Risk teams need to know:
· Structural durability – Some types are more prone to defects or degradation.
· Insurance risks – Is it insurable? At what premium?
· Resaleability – Will this be hard to sell or remortgage down the line?
· Policy compliance – Are there internal rules or product restrictions?
With the FCA putting growing focus on affordability and risk transparency, and Basel 3.1 looming large, there’s never been more pressure to get ahead of construction type risk early in the lending process.
At e.surv, we’ve built one of the most comprehensive proprietary datasets of non-traditional construction in the UK, derived from decades of physical valuations conducted by our nationwide surveyor network and close relationships with Local Authorities.

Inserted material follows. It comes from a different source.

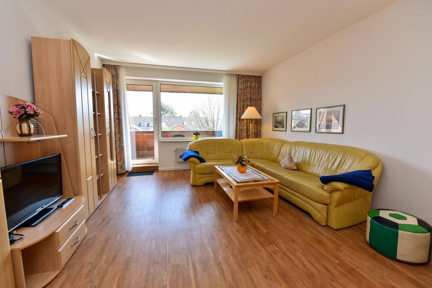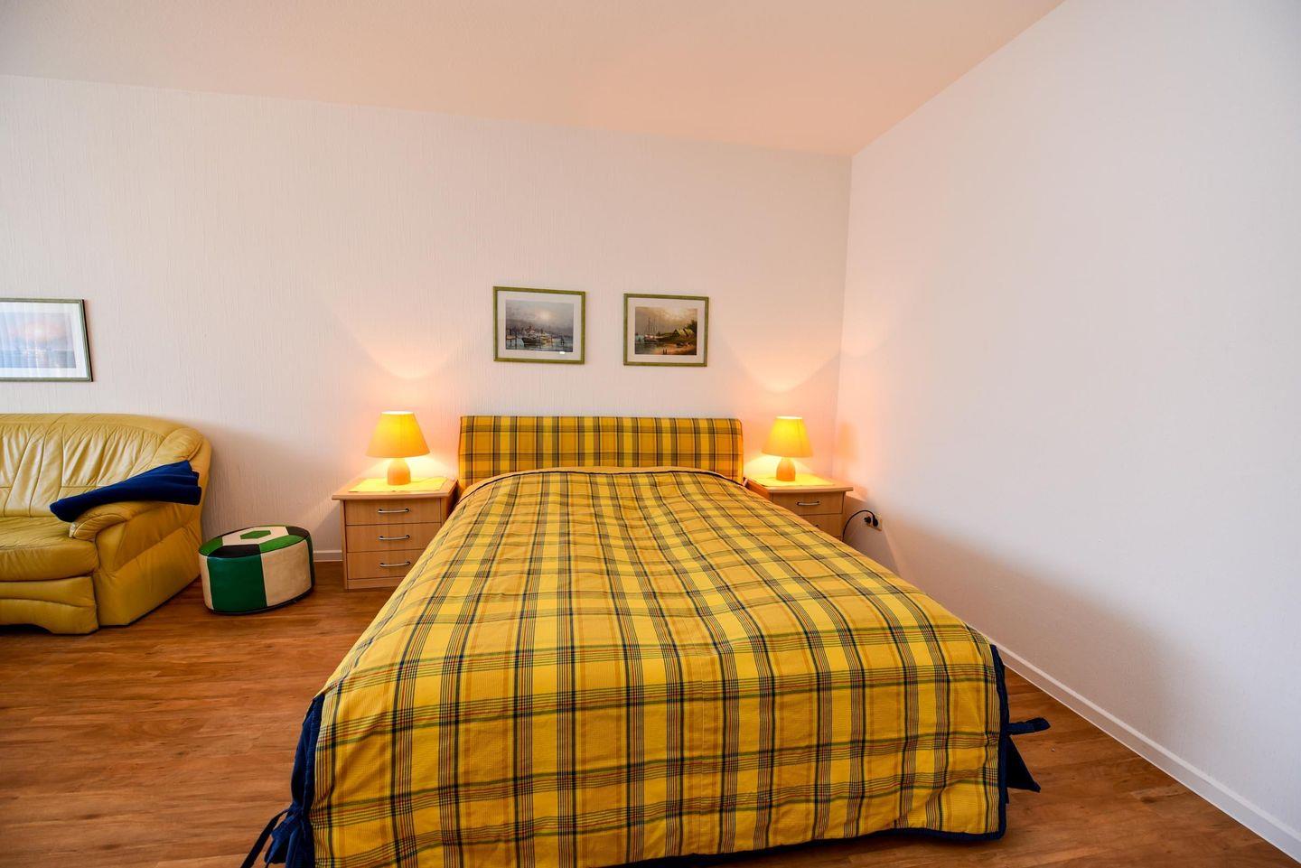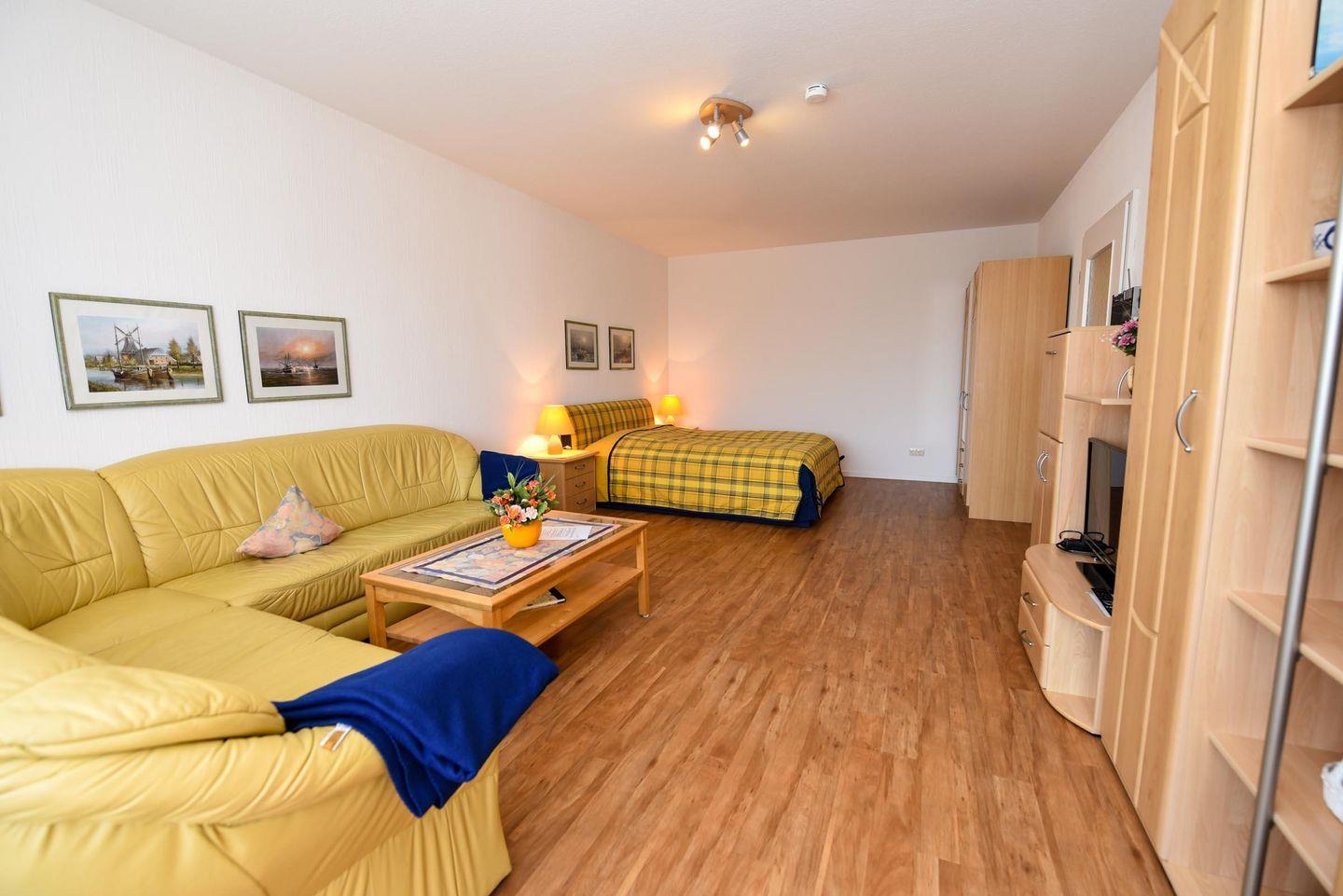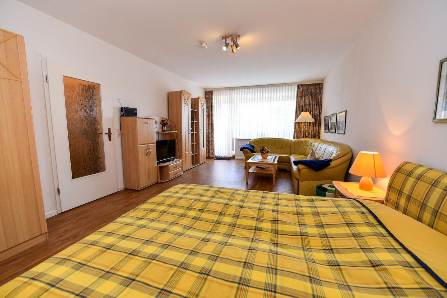1-Zimmer-Ferienwohnung im 1. OG des Hauses LEE mit kostenfreiem WLAN. Sehr schöne und komfortable Ferienwohnung: 1 Wohn-Schlafraum (Ehebett). 1 Küchenraum mit Esstisch, Stühle, Einbauküche mit Mikrowelle und Geschirrspüler. Im Wohn-/Schlaf-raum Couchgarnitur und Ehebett. Wannenduschbad/WC, Kabel-TV, Balkon. Spielrasen, Spielgerät und Sandkiste auf dem Grundstück, PKW-Stellplatz. Schwimmbadnutzung kostenfrei!

This isn’t scraped, guesstimated, or bought in from a third party. It’s real insight, collected and verified by people who’ve stood at the front door (and sometimes scratched their heads while doing so).
Our dataset includes:
· Verified construction types
· Property-specific insight (not just postcode-level guessing)
· Nationwide coverage
· Integration into our AVM for contextual decision-making
· Cross-reference with other property risks like cladding, subsidence, and tenure
We’re already working with lenders who are embedding this dataset into:
· AVM triaging – flagging non-trad properties before they enter the lending workflow
· Back-book analysis – understanding current exposure
· Portfolio acquisition decisions – smarter institutional buying
· Pre-valuation risk filtering – saving time and cost by knowing when not to proceed
Non-traditional construction isn’t niche. It’s everywhere. And the risk it carries isn’t theoretical, it’s very real. The good news is, with the right data (and the right partner), it’s entirely manageable.